2023-06-09T04:43:39.152 app[91857290b01238] ams [info] [MongoDB] Connection established.
2023-06-09T04:43:39.160 app[91857290b01238] ams [info] [Server] Listening on http://0.0.0.0:8080.

fly.toml

I made your suggested change

app = "app-api"
primary_region = "ams"

[http_service]
  internal_port = 8080
  force_https = true
  auto_stop_machines = true
  auto_start_machines = true
  min_machines_running = 1

  [[services.http_checks]]
    interval = 10000
    grace_period = "5s"
    method = "get"
    path = "/api/utils/ping"
    protocol = "http"
    restart_limit = 0
    timeout = 2000
    tls_skip_verify = true
    [services.http_checks.headers]

After commenting out the [[services.http_checks]] section the app deployed normally and accessing the path from the parameter in the browser returns status 200.
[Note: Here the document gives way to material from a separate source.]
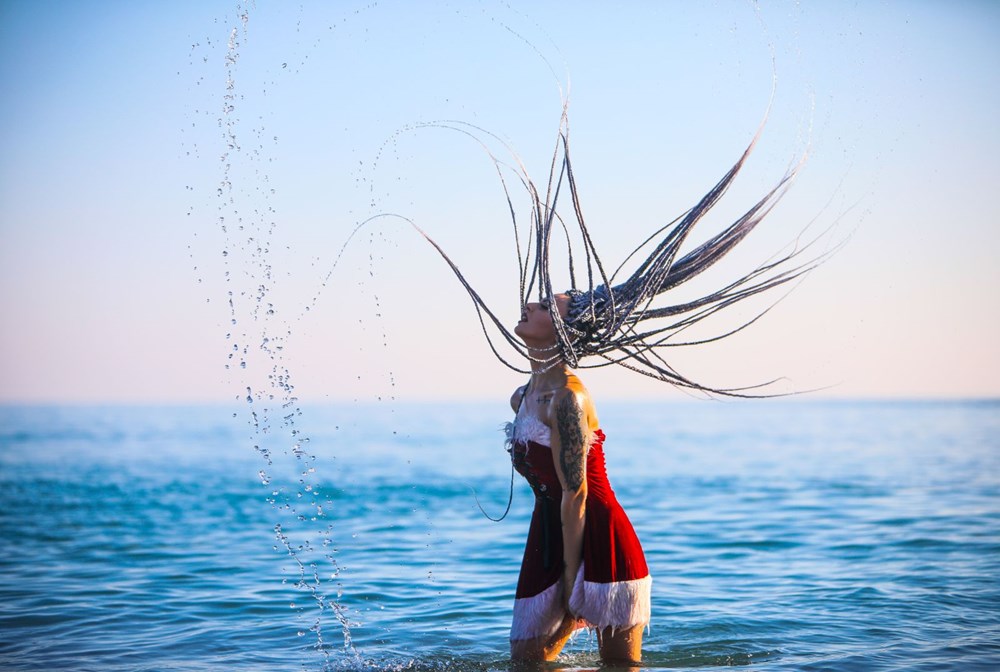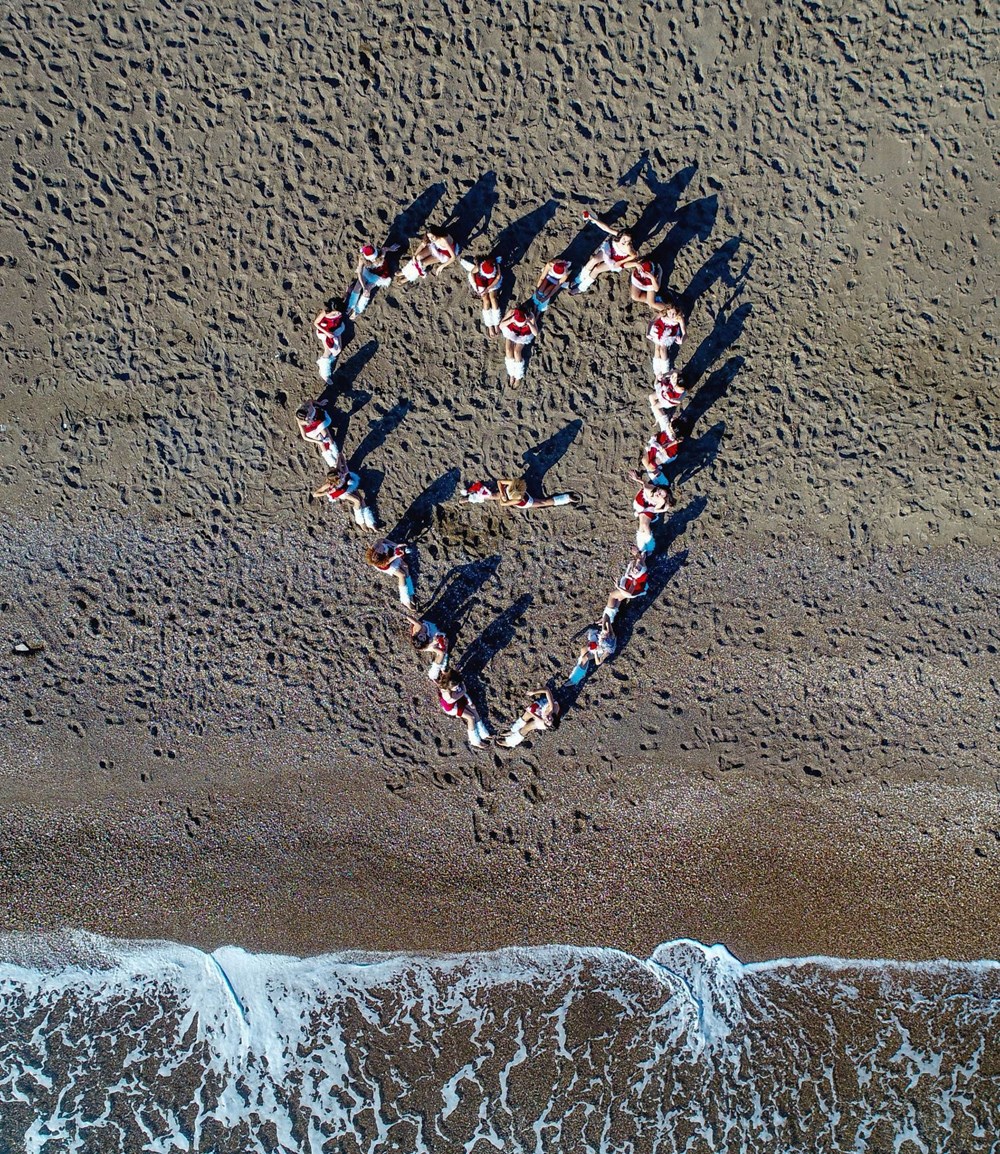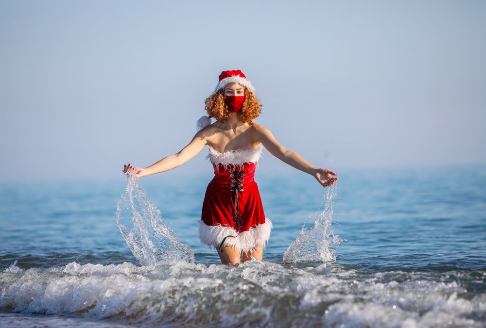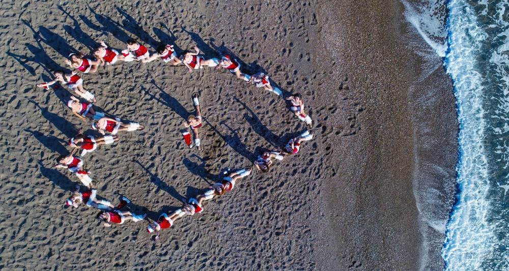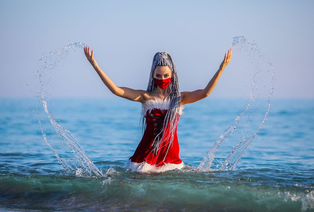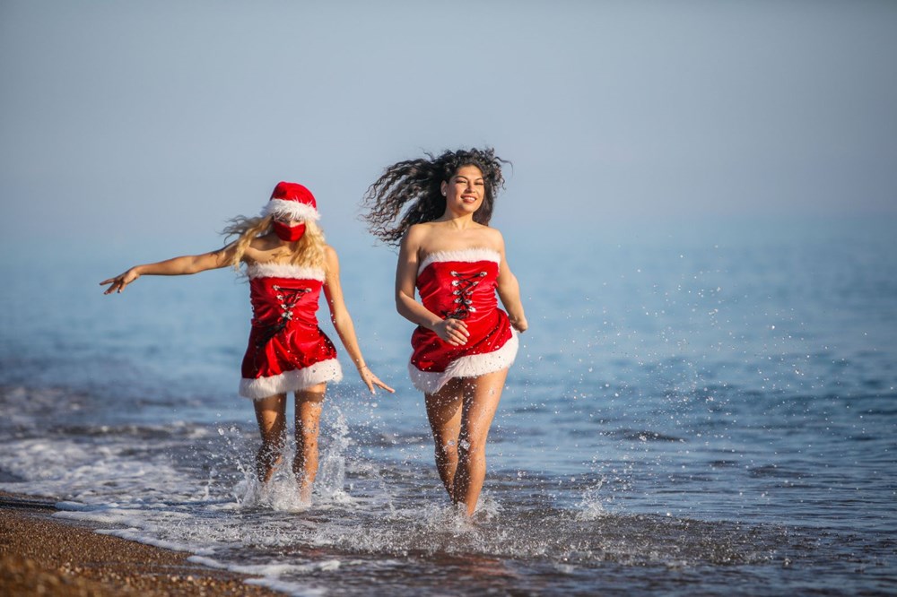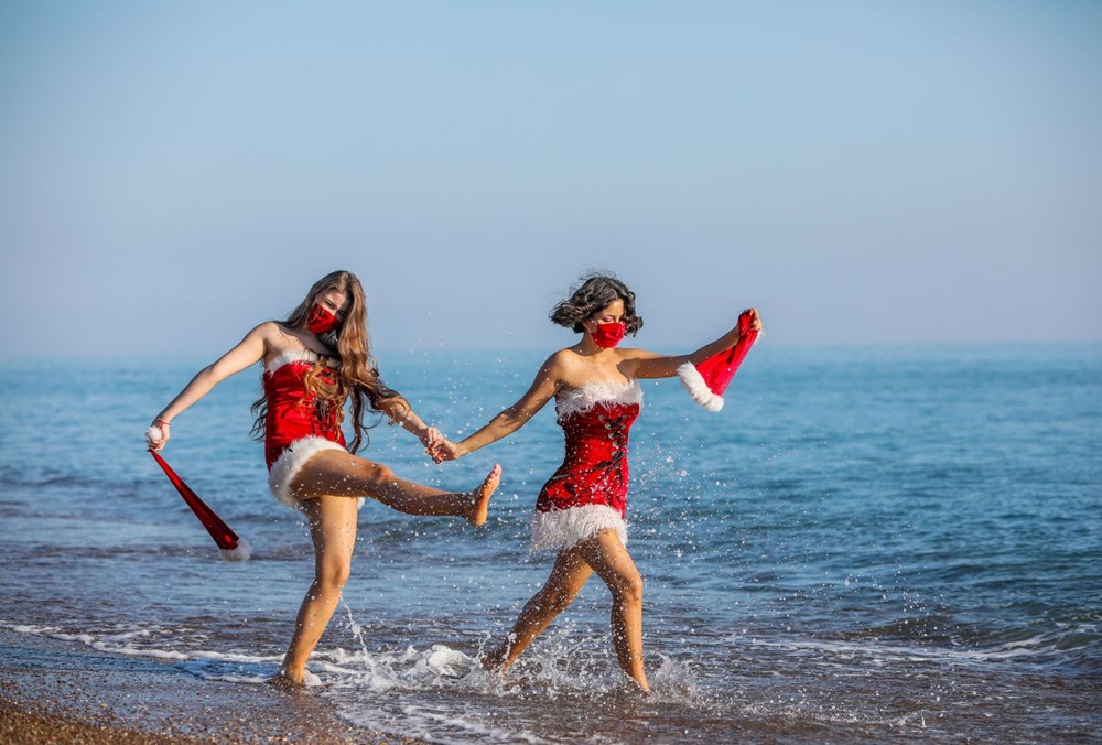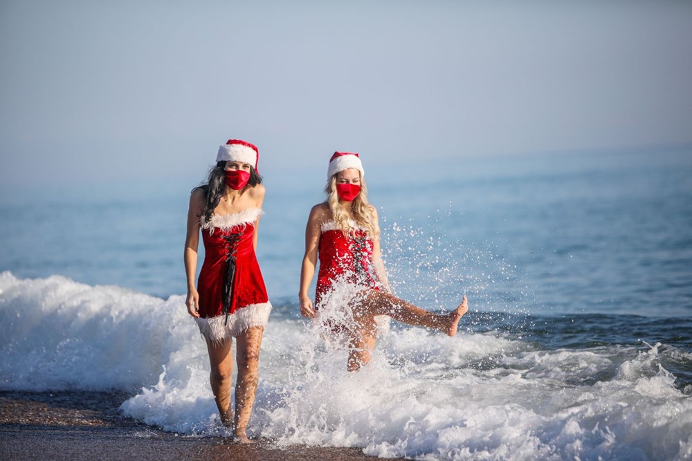 - Oluşturdukları kalp şekli ve taktıkları kırmızı maskelerle dünyaya ‘sağlık ve barış’ mesajı veren noel anneler, denize girmeyi de ihmal etmedi.

Thanks for the information.

From logs it doesn’t seem your app is taking too long to boot but can you try increasing your grace_period? Maybe your app responses timeout on the first few seconds while waiting for databases.

Also, another way you can debug that is by listing running processes on your app to confirm everything is running smoothly.

If possible, can you share logs from the crash loop you mentioned before? What we will be looking for is how fly proxy responds to your health checks failing.

This topic was automatically closed 7 days after the last reply. New replies are no longer allowed.